1.5.73. How to optimize bif:dateadd in SPARQL query using selective index-friendly filter?
How?
Assume the following SPARQL query:
SELECT ?wiki, ?dbp, bif:datediff('second', xsd:DateTime(?extracted), now()) AS ?secondsAgo FROM <http://nl.dbpedia.org> WHERE { ?wiki foaf:primaryTopic ?dbp . ?dbp dcterms:modified ?extracted . FILTER ( bif:datediff('minute', now(), xsd:DateTime(?extracted)) <= 10 ) } ORDER BY DESC(?extracted) LIMIT 30
Let's take a look at the calculation of:
FILTER ( bif:datediff('minute', now(), xsd:DateTime(?extracted)) <= 10 ) .
For each "is modified" triple we:
-
Convert ?extracted to xsd:dateTime;
-
Calculate datediff;
-
Make a comparison and know whether we hit or miss 10 minutes interval
Written so, this will lead to a potentially long loop, because even if the optimizer will realize that the filter is selective, it can't discover why is it so selective.

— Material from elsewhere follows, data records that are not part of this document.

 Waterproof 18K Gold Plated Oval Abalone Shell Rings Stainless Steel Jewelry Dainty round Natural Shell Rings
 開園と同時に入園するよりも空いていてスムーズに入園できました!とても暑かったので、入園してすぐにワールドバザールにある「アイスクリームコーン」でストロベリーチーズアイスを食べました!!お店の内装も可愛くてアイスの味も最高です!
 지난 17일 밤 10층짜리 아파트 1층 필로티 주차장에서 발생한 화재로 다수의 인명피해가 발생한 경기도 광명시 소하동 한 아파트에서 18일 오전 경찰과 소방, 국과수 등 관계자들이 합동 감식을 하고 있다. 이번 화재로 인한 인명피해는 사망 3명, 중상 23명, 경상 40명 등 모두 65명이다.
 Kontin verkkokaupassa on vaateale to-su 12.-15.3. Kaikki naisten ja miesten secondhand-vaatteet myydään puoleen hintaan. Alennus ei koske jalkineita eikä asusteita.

Now let's change the filter to:
FILTER ( ?extracted > bif:dateadd('minute', -10, now())) .
now()
can be calculated once at the very beginning of the query execution because it
does not depend on any rows in a given table. Then bif:dateadd
has all arguments known and
thus the whole bif:dateadd('minute', -10, now())

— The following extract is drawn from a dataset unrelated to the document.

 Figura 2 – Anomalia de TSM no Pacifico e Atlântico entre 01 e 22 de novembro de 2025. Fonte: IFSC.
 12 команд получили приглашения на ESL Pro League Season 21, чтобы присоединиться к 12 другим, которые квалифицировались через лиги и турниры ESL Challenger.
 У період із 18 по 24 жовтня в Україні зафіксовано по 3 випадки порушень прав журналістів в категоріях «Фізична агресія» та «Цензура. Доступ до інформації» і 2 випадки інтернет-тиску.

can be calculated only once and produce
some value. Therefor FILTER ( ?extracted > some_known_value )
can be represented as a
single search step: look at index and get triples with known P, known G, O greater than the given one
and any S. That's pretty fast and predictable step, good for both optimizer and the runtime.

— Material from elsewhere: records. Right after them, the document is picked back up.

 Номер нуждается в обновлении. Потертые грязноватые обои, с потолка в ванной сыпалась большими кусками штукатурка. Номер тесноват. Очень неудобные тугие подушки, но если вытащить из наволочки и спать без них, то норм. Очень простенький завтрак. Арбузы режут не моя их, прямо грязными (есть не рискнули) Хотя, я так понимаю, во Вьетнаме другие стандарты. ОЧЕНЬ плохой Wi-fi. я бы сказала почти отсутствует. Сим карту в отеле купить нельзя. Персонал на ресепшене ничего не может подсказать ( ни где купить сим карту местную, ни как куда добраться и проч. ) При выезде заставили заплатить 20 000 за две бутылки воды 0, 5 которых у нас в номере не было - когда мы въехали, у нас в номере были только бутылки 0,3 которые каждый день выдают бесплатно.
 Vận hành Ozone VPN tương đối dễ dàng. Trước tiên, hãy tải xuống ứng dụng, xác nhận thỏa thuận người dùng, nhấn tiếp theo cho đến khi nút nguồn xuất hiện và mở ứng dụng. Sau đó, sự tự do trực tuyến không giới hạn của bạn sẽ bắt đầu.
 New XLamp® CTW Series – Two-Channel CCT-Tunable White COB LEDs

We can rephrase the query to filter index-friendly:
SELECT ?wiki, ?dbp, bif:datediff('second', xsd:DateTime(?extracted) , now()) AS ?secondsAgo FROM <http://nl.dbpedia.org> WHERE { ?wiki foaf:primaryTopic ?dbp . ?dbp dcterms:modified ?extracted . FILTER ( ?extracted > bif:dateadd('minute', -10, now())) } ORDER BY DESC (?extracted) LIMIT 30
In this case the presence or the absence of the order by does not matter too much, because the query is way more straightforward: selective index-friendly filter first, and the selection could be ordered naturally via hot index used by the filter.
Note also that if you know the datatype of an object literal, there's no need to write a cast like xsd:dateTime --- it can make an expression index-unfriendly even if it will always return the argument unchanged on your specific data.